Reste le problème de l'ordonnance. Sur conseil, Jasmine Nguyen se tourne vers Jacqueline Herremans, spécialiste reconnue de l'euthanasie, pour trouver une solution. L'avocate rencontre le patient et suggère d'introduire une tierce-opposition afin de renverser l'ordonnance. Une nouvelle date pour l'euthanasie est fixée le 17 juin. " Le patient n'aurait pas pu tenir plus longtemps. Nous avons donc attendu que cette tierce-opposition soit signifiée à la partie adverse et pratiqué l'euthanasie le 17 juin ", détaille Laurent Carlier, avant d'ajouter : " La dernière semaine de vie du patient a été épouvantable. Le jour de l'euthanasie, nous ressentions son stress. Le patient était terrorisé que sa fille arrive. On a dû demander au gardiennage de surveiller l'entrée pour éviter qu'elle ne débarque. "

Les ennuis commencent

Ce 17 juin, lorsque Jasmine Nguyen rentre à son domicile, la police l'attend. Plus tard dans la soirée, Laurent Carlier est à son tour interpelé. Ils sont suspectés d'assassinat. " Laurent était serein par rapport à cette accusation ", confie le Dr Nguyen. " Jusqu'à ce que la direction lui tombe dessus. "
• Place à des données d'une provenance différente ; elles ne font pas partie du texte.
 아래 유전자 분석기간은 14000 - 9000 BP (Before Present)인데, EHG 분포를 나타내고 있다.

" Ma première suspension m'a été signifiée par mail le 26 juin, 30 minutes après une réunion avec la direction et le service juridique, durant laquelle ils m'avaient assuré de leur soutien", indique Laurent Carlier.

Le lendemain, c'est un médecin effondré qui est convoqué par le Comité de gestion de l'hôpital. Sur le chemin qui mène à son audition, il croise une cinquantaine de membres du personnel qui forment une haie d'honneur. " Le Dr Carlier avait tout le soutien du personnel de l'hôpital ", témoigne le Dr Jean-Philippe Hermanne, consulté pour avis dans l'euthanasie du patient. Il accompagne le Dr Carlier lors de cette audition. " Il y avait beaucoup d'émotion. Le sentiment que j'ai eu lors de cette audition ? Il n'y avait pas d'agressivité, plutôt de la compréhension, mais également la volonté farouche de protéger l'image de l'institution. Certains voulaient révoquer le Dr Carlier purement et simplement. Heureusement, d'autres ont pris position pour mettre le holà. "
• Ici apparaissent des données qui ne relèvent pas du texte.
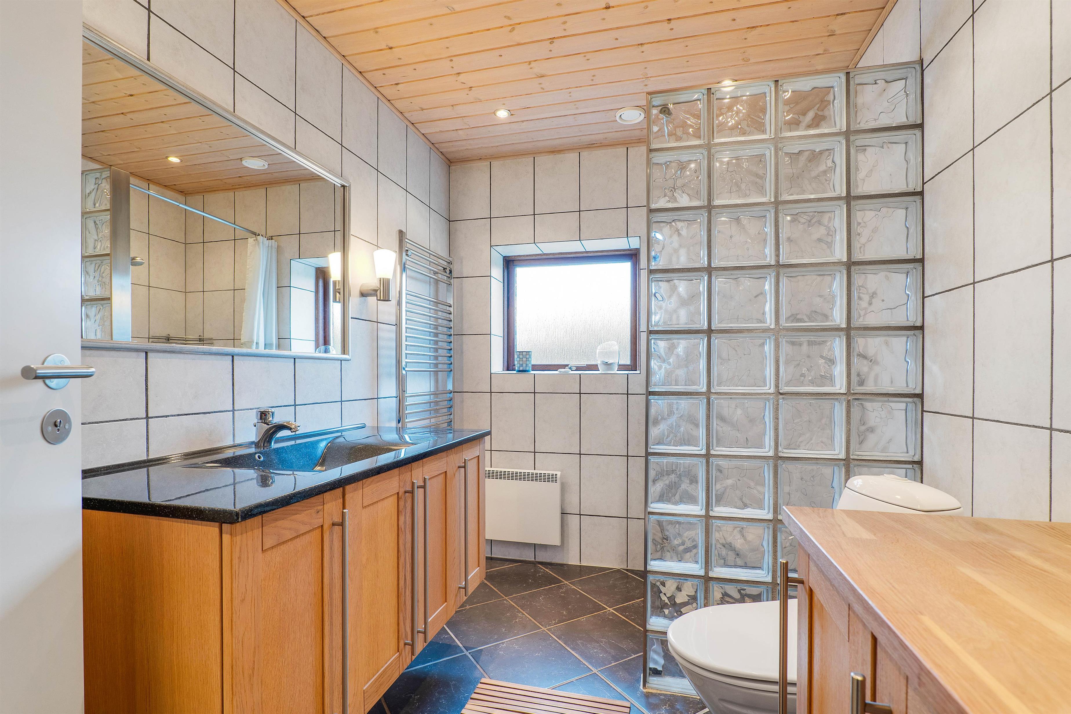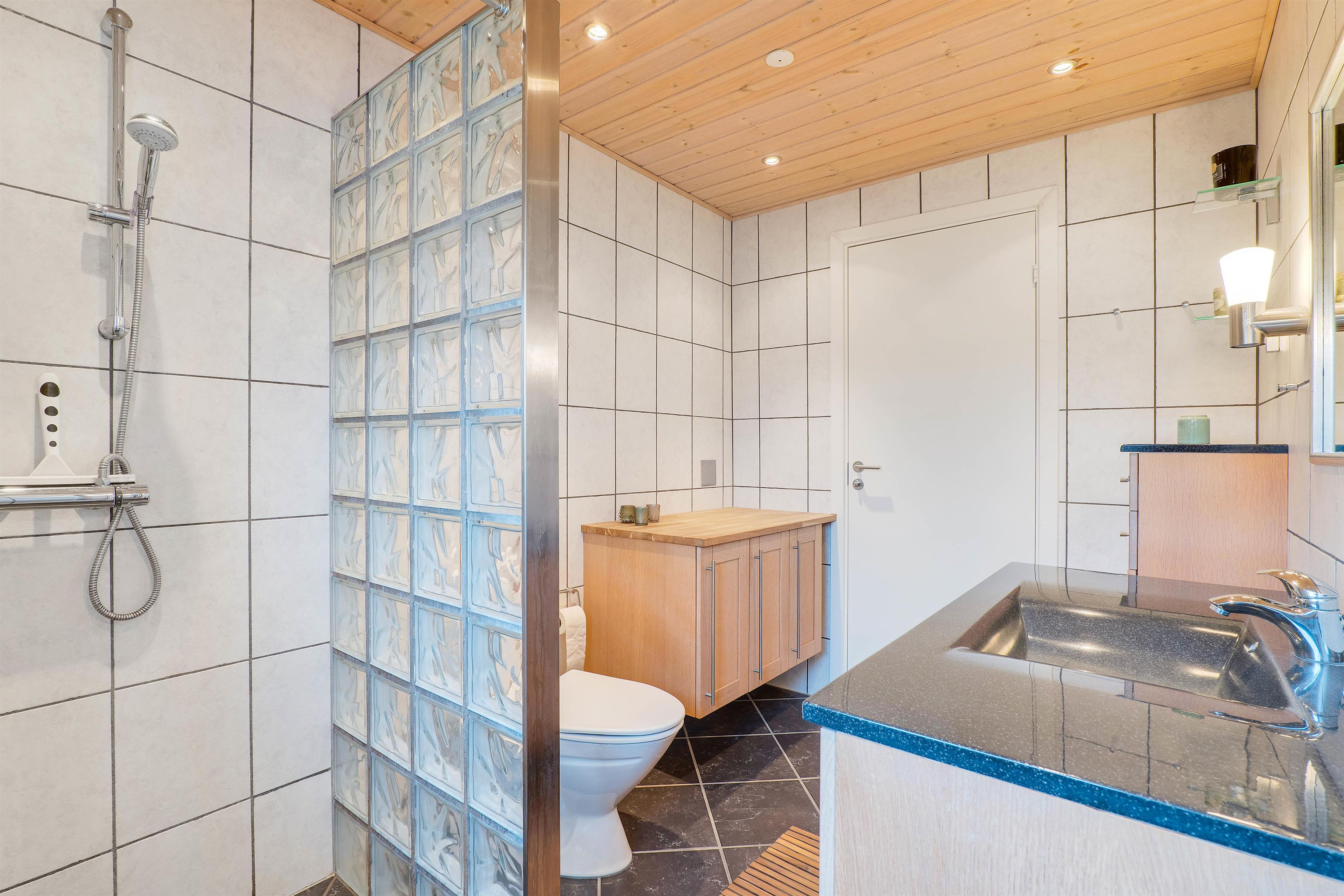 Spiseafdelingen ligger i forbindelse med køkkenet. Her finder I både opvaskemaskine, mikroovn og en 80 liters fryser. Badeværelset er lækkert indrettet med en dejlig bruseniche og håndklædetørrer på væggen. Sommerhuset har desuden en vaskemaskine, så I har mulighed for at vaske lidt tøj eller håndklæder. Feriehusets 2 soveværelser er rummelige og begge med gode dobbeltsenge og udgang til terrassen.

Effectivement, le médecin n'est pas révoqué, mais suspendu, dès le lendemain, une première fois, puis une deuxième, et une troisième fois. Avant d'être finalement révoqué fin septembre 2019. " Je m'attendais à ce que la direction de l'hôpital me soutienne, mais au contraire, elle m'a très vite signifié ma suspension dès lors que le dossier médical a été saisi par le parquet ", témoigne Laurent Carlier. " Je me suis senti massacré par les gestionnaires, par le directeur médical, et par le conseil médical. "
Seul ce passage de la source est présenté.